PROVIDED MATERIAL:

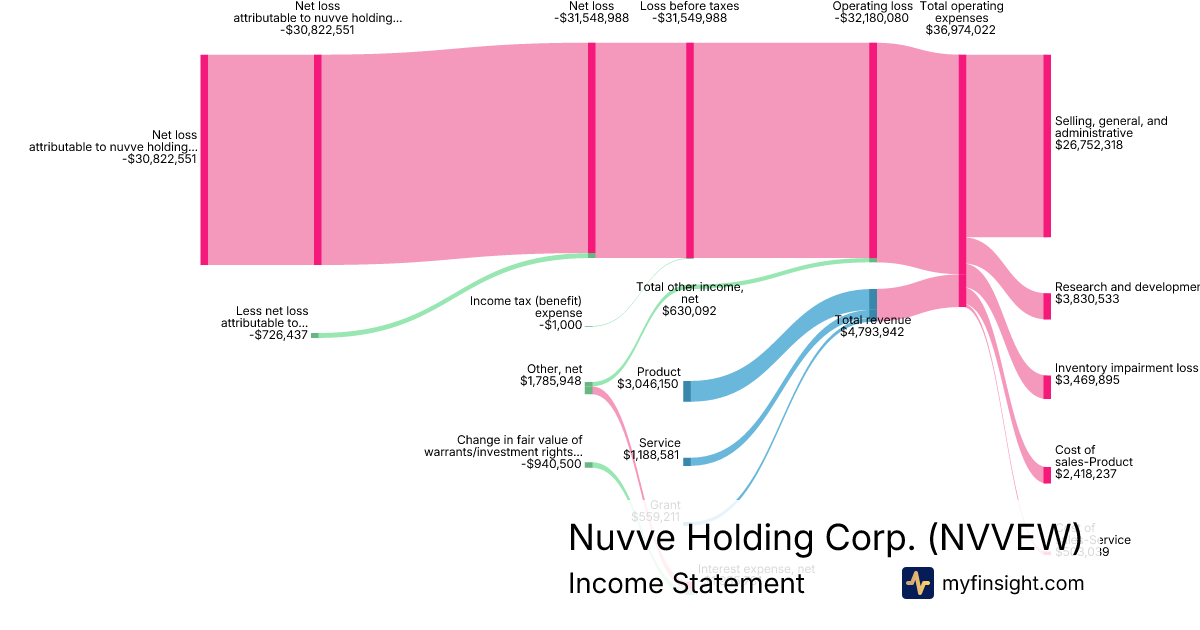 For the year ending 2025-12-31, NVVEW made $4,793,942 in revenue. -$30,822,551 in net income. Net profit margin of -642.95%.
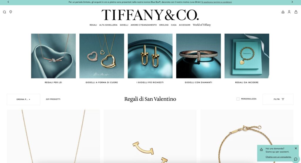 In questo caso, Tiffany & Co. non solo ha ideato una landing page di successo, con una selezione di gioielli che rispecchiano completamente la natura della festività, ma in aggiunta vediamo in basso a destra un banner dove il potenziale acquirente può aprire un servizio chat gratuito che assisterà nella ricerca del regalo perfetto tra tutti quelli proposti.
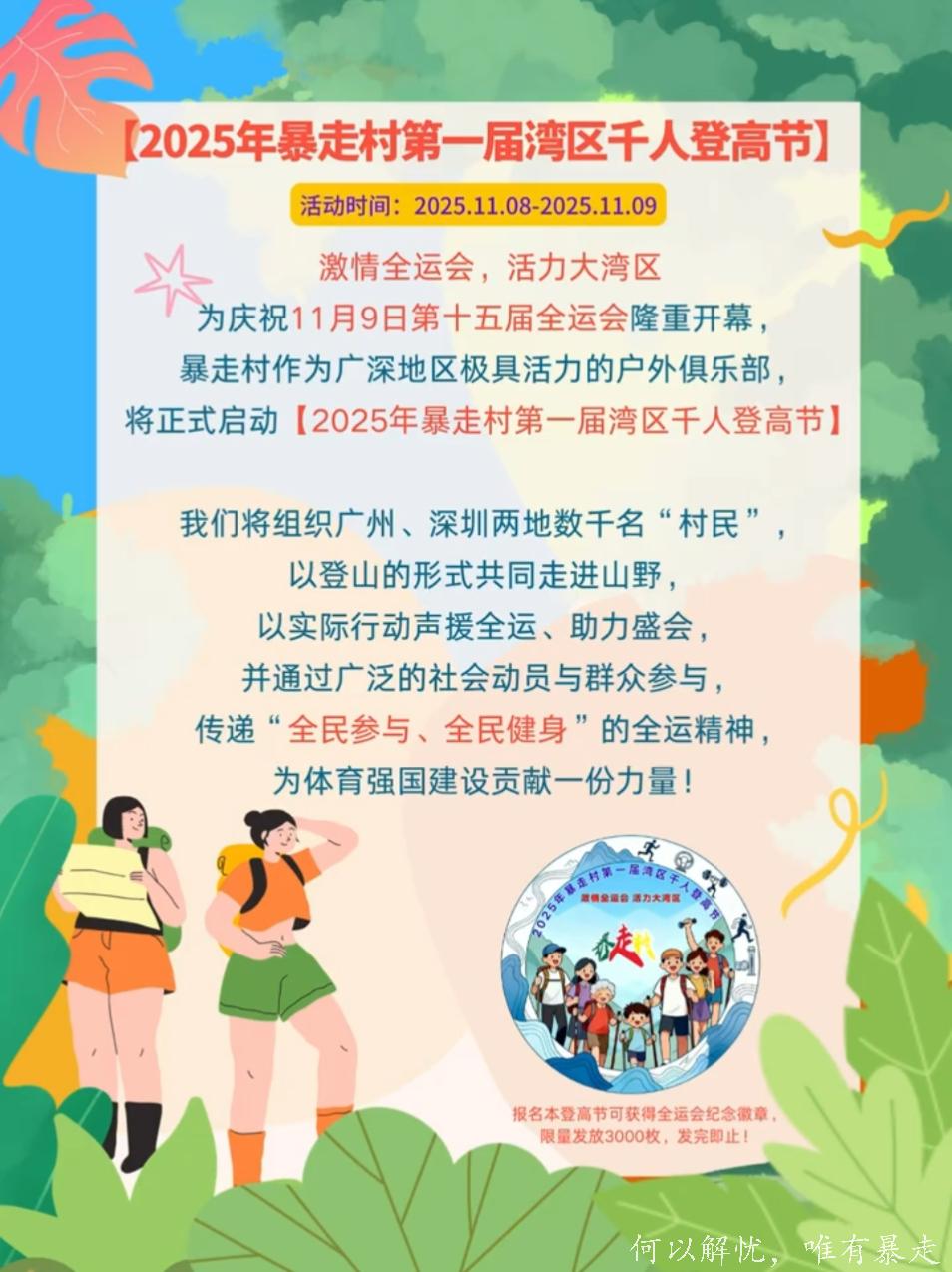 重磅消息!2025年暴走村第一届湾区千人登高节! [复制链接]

WHAT TO PRODUCE:
Output the listing exactly, pictures excluded.

YOUR RESPONSE:
 For the year ending 2025-12-31, NVVEW made $4,793,942 in revenue. -$30,822,551 in net income. Net profit margin of -642.95%.
 In questo caso, Tiffany & Co. non solo ha ideato una landing page di successo, con una selezione di gioielli che rispecchiano completamente la natura della festività, ma in aggiunta vediamo in basso a destra un banner dove il potenziale acquirente può aprire un servizio chat gratuito che assisterà nella ricerca del regalo perfetto tra tutti quelli proposti.
 重磅消息!2025年暴走村第一届湾区千人登高节! [复制链接]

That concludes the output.